06/01/2022
BTC price and tokenomics
The BTC price is based on supply and demand. However, unlike national currencies, the BTC supply doesn't increase or decrease in response to changing demand. The protocol itself enforces a maximum total supply of 21 million coins.
New BTC enters circulation each time a miner adds a block of transactions to the blockchain. Initially, this block reward was 50 BTC. After every 210,000 blocks — or, roughly, every four years — issuance of this mining reward is automatically cut in half. The most recent Bitcoin halving event, which took place in May 2020, reduced the block reward to 6.25 BTC. These reductions will continue until all 21 million BTC are in circulation at some point around the year 2140.
With the supply known and limited, changes in demand determine the current Bitcoin price. If buying pressure outweighs selling pressure, the price increases. If sellers outnumber buyers, the BTC price falls.

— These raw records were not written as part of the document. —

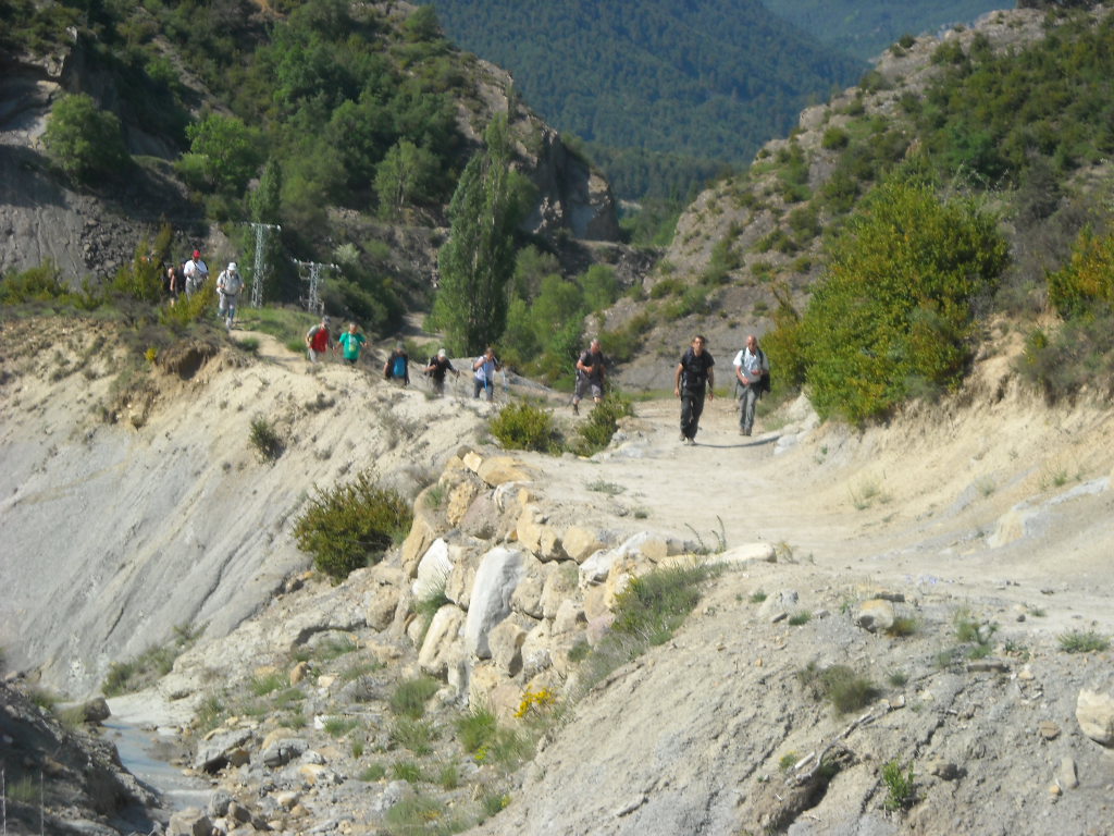El grupo de BAJA MONTAÑA, del cruce de Osán camina hacia el pueblo. De aquí a Isún de Basa, Sardás, restaurante Mi CASA y estación de autobuses.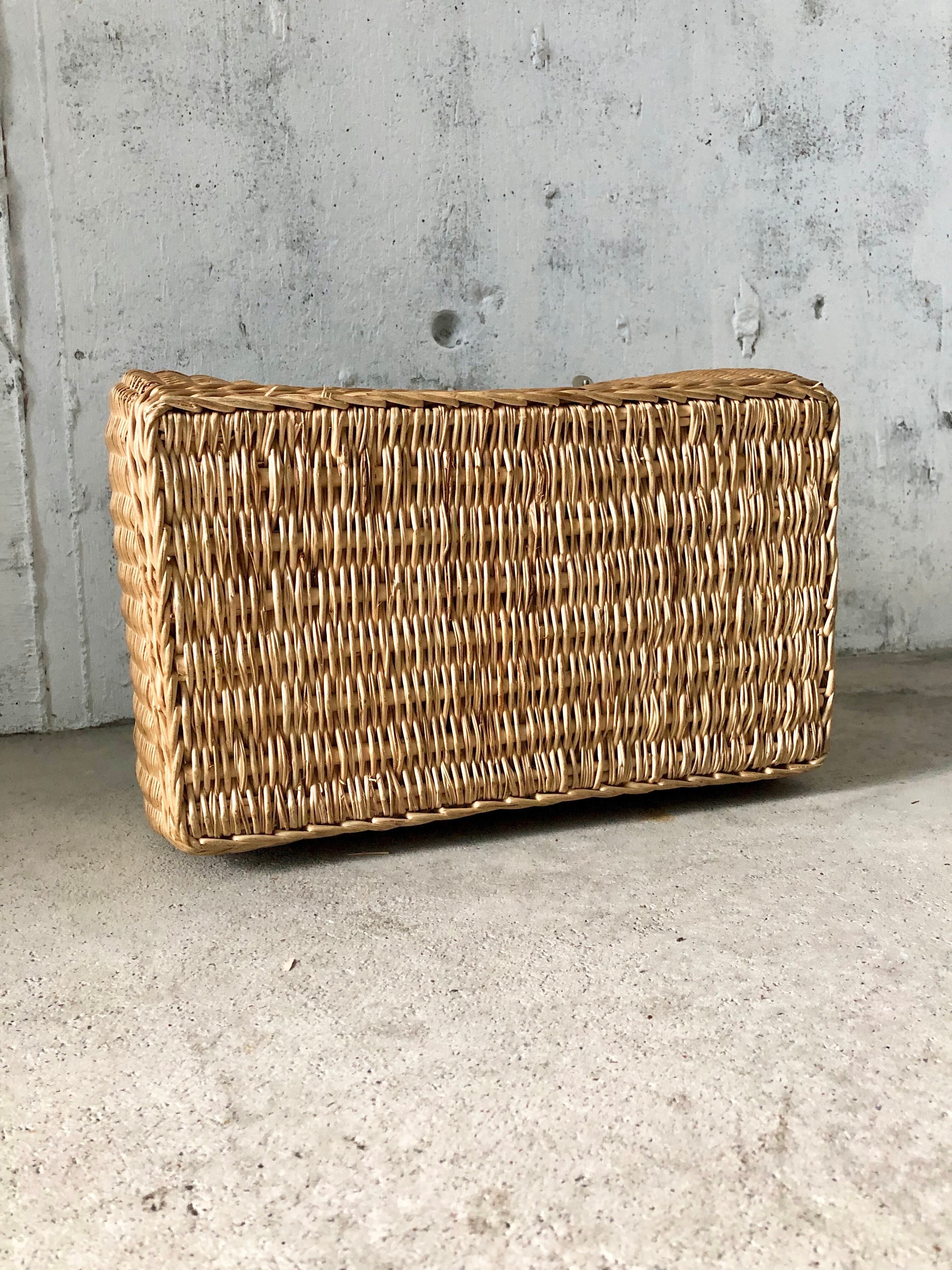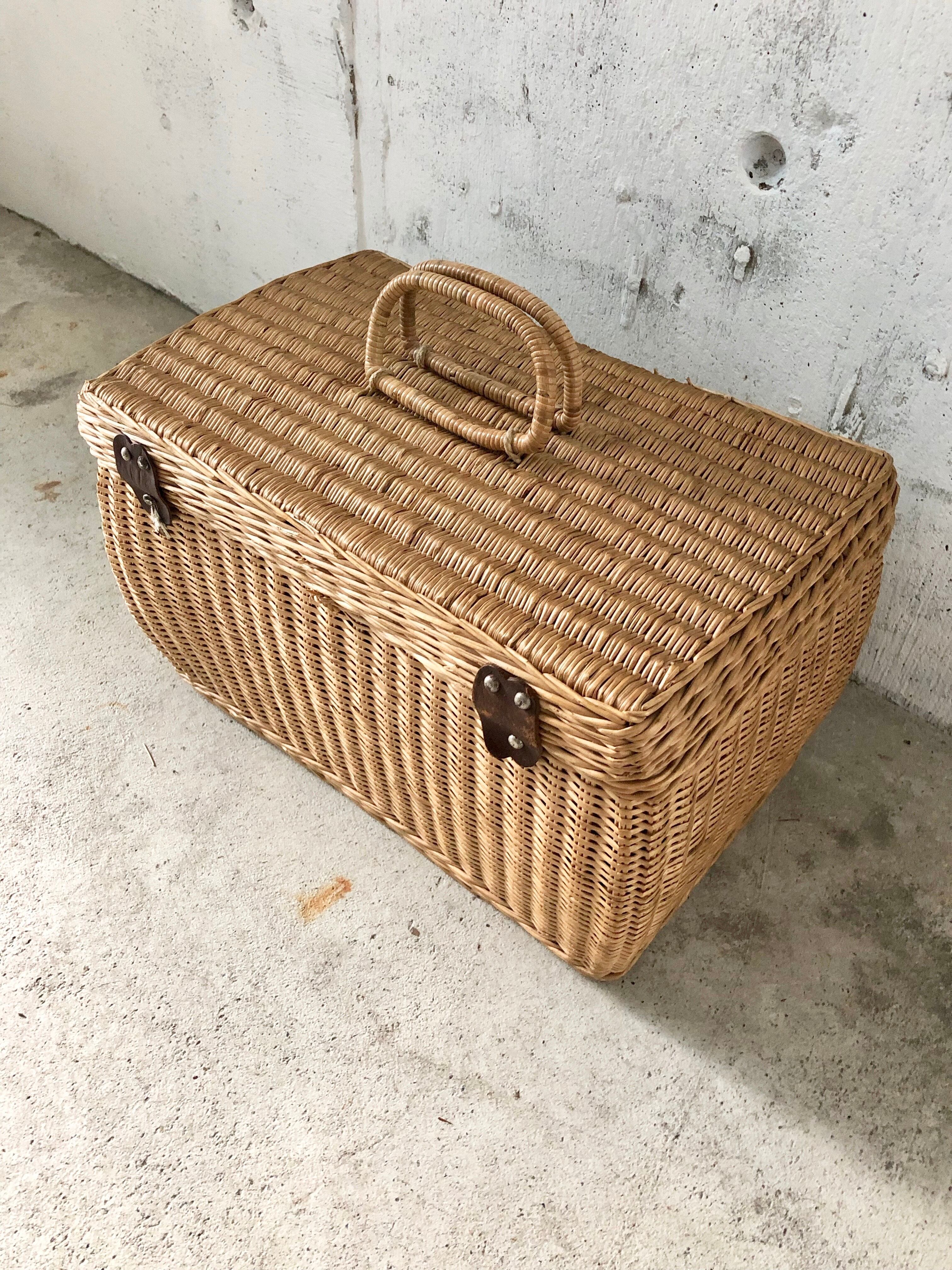 使い込まれた良い雰囲気、味のある金具が魅力的なピクニックバスケット。蓋の開閉もスムーズに行え、状態は良いです。休日にサンドイッチなどを入れてピクニックに出掛けたり、お部屋で小物入れ、お子さんのオモチャ入れなどとしても感じ良くお使い頂けそうです。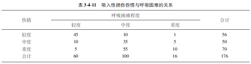示例3410(計(jì)數(shù)資料相關(guān)分析):某燒傷中心觀察了176例吸入性損傷病人的不同傷情與呼吸困難的各自例數(shù),問(wèn)呼吸困難程度與吸入損傷傷情之間有無(wú)關(guān)聯(lián)性(數(shù)據(jù)資料匯于表3411中)?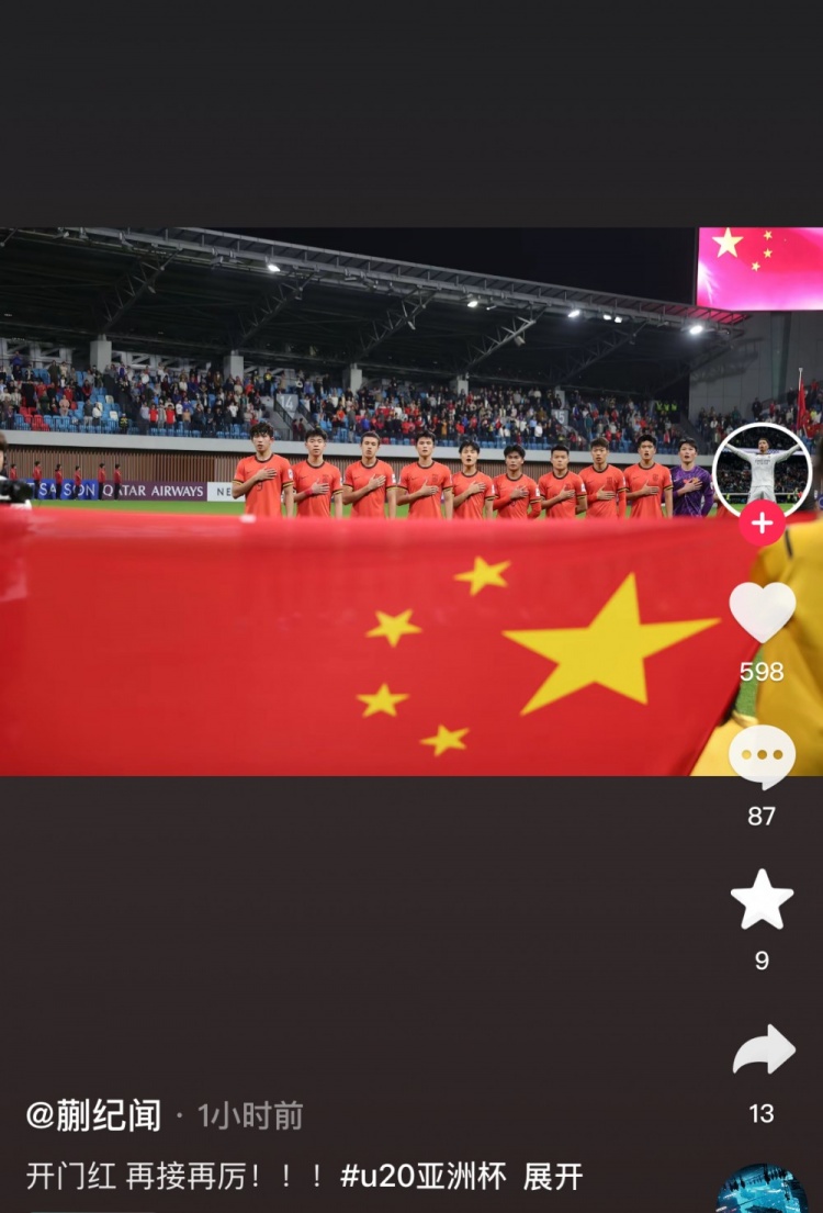 2月13日讯 今天,蒯纪闻更新社媒,庆祝国青在U20亚洲杯取得开门红,并鼓励球队继续前进。

Over Bitcoin's existence, demand for a censorship-resistant, permissionless payment solution has trended upward. So, too, has the Bitcoin price. However, sudden sell-offs create price volatility. This volatility has made BTC very popular with traders. Meanwhile, Bitcoin's finite supply has encouraged a growing number of individuals, corporations and institutions to invest in BTC as a store-of-value asset.